4 students are running for club president in a club with 50 members. How many different vote counts are possible, if all 50 members are required to vote?

23426 is the answer

50 x 50 x 50 x 50

that isn't right, you're saying that people can vote more than once. I'm pretty sure it means that the 50 people only have one choice.

To find the number of different vote counts possible, we need to consider the number of ways each candidate can receive votes.

Let's consider the number of votes received by each candidate individually:

Candidate 1: They can receive votes from 0 to 50 members.
Candidate 2: Once Candidate 1 receives some votes, Candidate 2 can receive votes from 0 to the remaining number of members who haven't voted yet.
Candidate 3: Once Candidate 1 and Candidate 2 receive some votes, Candidate 3 can receive votes from 0 to the remaining number of members who haven't voted yet.
Candidate 4: Once Candidates 1, 2, and 3 receive some votes, Candidate 4 can receive votes from 0 to the remaining number of members who haven't voted yet.

Based on these considerations, we can calculate the number of different vote counts:

Step 1: Calculate the number of possible vote counts for Candidate 1:
Since Candidate 1 can receive votes from 0 to 50 members, there are 51 possible vote counts for Candidate 1.

Step 2: Calculate the number of possible vote counts for Candidate 2:
Once Candidate 1 receives some votes, Candidate 2 can receive votes from 0 to the remaining number of members who haven't voted yet.
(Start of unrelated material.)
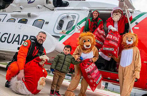 Santa, who was giving his reindeer a pre-Christmas rest, made quite the entrance by instead arriving on a Coast Guard Helicopter.
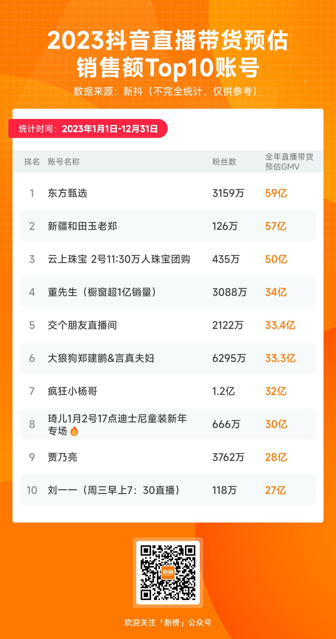 2023年,“东方甄选”以全年直播带货预估GMV59亿元的成绩,成为抖音全年直播带货预估销售额最高的账号。

So, for each possible vote count for Candidate 1, there is a different range of possible votes for Candidate 2. In this case, the range is from 0 to (50 - vote count of Candidate 1).
Therefore, for each of the 51 possible vote counts for Candidate 1, there are (50 - vote count of Candidate 1) + 1 possible vote counts for Candidate 2.
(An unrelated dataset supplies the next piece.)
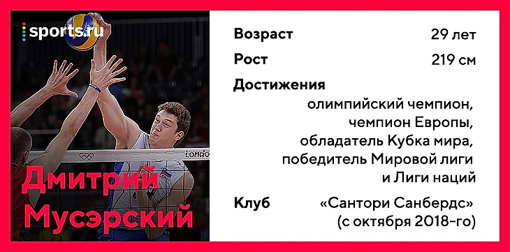 Так совпало, что именно в этом сезоне в сборную вернулся Дмитрий Мусэрский. Спустя два года. Последний раз мы его видели – эпизодами – в Мировой лиге-2016. Олимпийский отбор он пропустил по семейным обстоятельствам, саму Олимпиаду – из-за травмы коленей.

Step 3: Calculate the number of possible vote counts for Candidate 3 and Candidate 4:
Similarly, once Candidates 1 and 2 receive some votes, Candidates 3 and 4 can receive votes from 0 to the remaining number of members who haven't voted yet.
For each possible vote count for Candidates 1 and 2, there are (50 - sum of vote counts of Candidates 1 and 2) + 1 possible vote counts for Candidates 3 and 4.
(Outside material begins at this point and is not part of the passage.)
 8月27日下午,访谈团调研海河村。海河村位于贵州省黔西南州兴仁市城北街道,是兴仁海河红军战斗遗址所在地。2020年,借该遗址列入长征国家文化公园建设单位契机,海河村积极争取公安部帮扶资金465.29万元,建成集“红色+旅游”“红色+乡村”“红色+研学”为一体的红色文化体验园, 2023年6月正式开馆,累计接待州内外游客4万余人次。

Step 4: Calculate the total number of vote counts:
To determine the total number of different vote counts possible, we need to multiply the numbers we calculated in steps 1, 2, and 3 together:
Total number of vote counts = (51) × [(50 - vote count of Candidate 1) + 1] × [(50 - sum of vote counts of Candidates 1 and 2) + 1]

You can substitute the values of vote counts for Candidates 1 and 2 into the formula to find the total number of different vote counts.